We got to exchange 30 and I went to medical for ice. I foam rolled some more. I tried to stretch. I already suspected that Trampoline Shoes were breaking up with me. Like, over text. So cruel, but I kept them on because the ASICS had been even more painful. I made it a mile into my third leg. It didn’t hurt until the mile mark, but it did hurt, and was getting worse. The van was waiting for me, and David was outside. I gave him the thumbs down, and he came over to take yet another set of miles for me. My sister traded off with him halfway through, and so we finished up my doomed set of Ragnar legs. We headed to the finish line, and I took my medal, even though it is still very hard for me to look at it–I don’t feel like I ran a Ragnar.
Iced and taped at Exchange 30. Trampoline shoes mocking me.
Faking happiness at the Finish Line. Really angry on the inside. (that’s race director Meredith Dalberg in the front–she did an amazing job with the race!)
I haven’t run in Trampoline Shoes since. They seem unfazed by our sudden and tragic breakup, and by the pain they have caused me. Best I can tell, they caused me to rely on my ITBand more than I was ready for. And I’m still paying the price. It is extraordinarily frustrating. I wonder if I’d broken them in more slowly, would it have been better? Or would it have accumulated anyway? I also wonder, since I’m no longer running in those shoes, and have bettered my form, why does it still bother me? I know the MO of the ITBand is: once inflamed, it will stay inflamed for quite some time. While I no longer have active or acute pain, and I can run, I just know it’s not 100% better, either (it gets achy after I run).
So, here’s what I’ve done so far this summer, in no particular order: Cross training with the bike and rowing machine. Active Release Therapy and Fascial Distortion. Chiropractic. Rest. Massage. Form work. Ice. Compression. Some running.
Here’s the plan for now:
1. Do the PT exercises I have found everyday, not to ‘strengthen’ the IT Band, but to strengthen all the other muscles I need to be using in order to not rely on the IT Band.
2. Core work every day.
3. Foam rolling twice a day.
4. Upper body weights three times a week.
5. Swimming 4-5x a week starting next week when I can get back in the pool (I had an ingrown toenail removed last week so I’m forbidden to swim until next week. Yes, this is also a source of frustration.)
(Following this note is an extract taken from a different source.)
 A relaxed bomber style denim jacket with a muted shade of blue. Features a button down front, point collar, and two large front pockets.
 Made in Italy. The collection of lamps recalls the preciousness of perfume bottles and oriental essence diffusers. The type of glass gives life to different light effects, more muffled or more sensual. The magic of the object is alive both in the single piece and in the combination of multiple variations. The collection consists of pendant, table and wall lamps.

6. Sleeping in my compression pants.
7. Icing 3-4 times a day. I am taking another complete rest from running, biking, and rowing for at least two more weeks.
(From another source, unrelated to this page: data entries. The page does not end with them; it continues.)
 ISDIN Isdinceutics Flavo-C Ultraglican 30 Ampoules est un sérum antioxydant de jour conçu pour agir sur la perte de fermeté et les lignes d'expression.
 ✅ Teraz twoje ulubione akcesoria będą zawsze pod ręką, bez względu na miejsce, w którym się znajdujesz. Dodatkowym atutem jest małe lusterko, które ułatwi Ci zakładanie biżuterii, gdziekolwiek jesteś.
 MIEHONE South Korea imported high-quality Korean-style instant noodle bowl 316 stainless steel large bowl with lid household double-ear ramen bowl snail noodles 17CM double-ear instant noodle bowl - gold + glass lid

8. Staying far, far away from inflammatory foods. I already avoid wheat and dairy and most processed foods. But I have a sweet tooth and intend to limit, if not cut out, sugar entirely.
The plan above allows me to strengthen what is weak so I can rely much less on the ITBand when I do run, while still maintaining my cardio fitness level. My plan is to be able to complete my miles at Hood to Coast without worry. I think the plan above will allow me to do that. I modified my pace goal online so that I don’t have to worry about pushing the pace at the race. And even if painful, I will push through. Afterward, I am prepared to take another complete rest from running if necessary. I’m not going to push through any sort of training right now, though, and risk Hood to Coast. I’m going to show up happy, healthy(er), and, while possibly somewhat undertrained, ready to do my part to run the race and share the Nuun love.
As for Trampoline Shoes? They are in my closet, buried beneath a pile of other shoes that have not caused me nearly so much grief and pain. But I confess, I sometimes catch a glimpse of them, laying there benignly, looking so pretty with their wings on, and I think, “What if?” Deep down, I still love them. I still miss what we had together: speed. lightness. happiness. They were cruel in the end, but for a time, they were…perfection.